Correlation Between Kite Realty and Stagwell
Can any of the company-specific risk be diversified away by investing in both Kite Realty and Stagwell at the same time? Although using a correlation coefficient on its own may not help to predict future stock returns, this module helps to understand the diversifiable risk of combining Kite Realty and Stagwell into the same portfolio, which is an essential part of the fundamental portfolio management process.

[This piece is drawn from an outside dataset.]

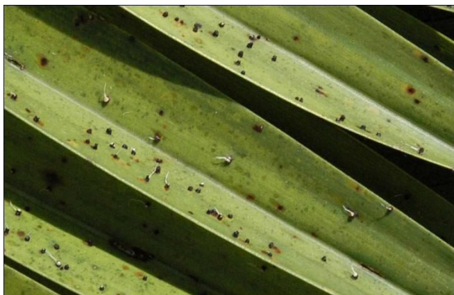
Figure 1. The small black bodies are sori (fruiting bodies) of Graphiola phoenicis that have erupted through the leaflet epidermis. The black spots are symptoms of potassium deficiency, and not Graphiola leaf spot.

By analyzing existing cross correlation between Kite Realty Group and Stagwell, you can compare the effects of market volatilities on Kite Realty and Stagwell and check how they will diversify away market risk if combined in the same portfolio for a given time horizon. You can also utilize pair trading strategies of matching a long position in Kite Realty with a short position of Stagwell. Check out your portfolio center. Please also check ongoing floating volatility patterns of Kite Realty and Stagwell.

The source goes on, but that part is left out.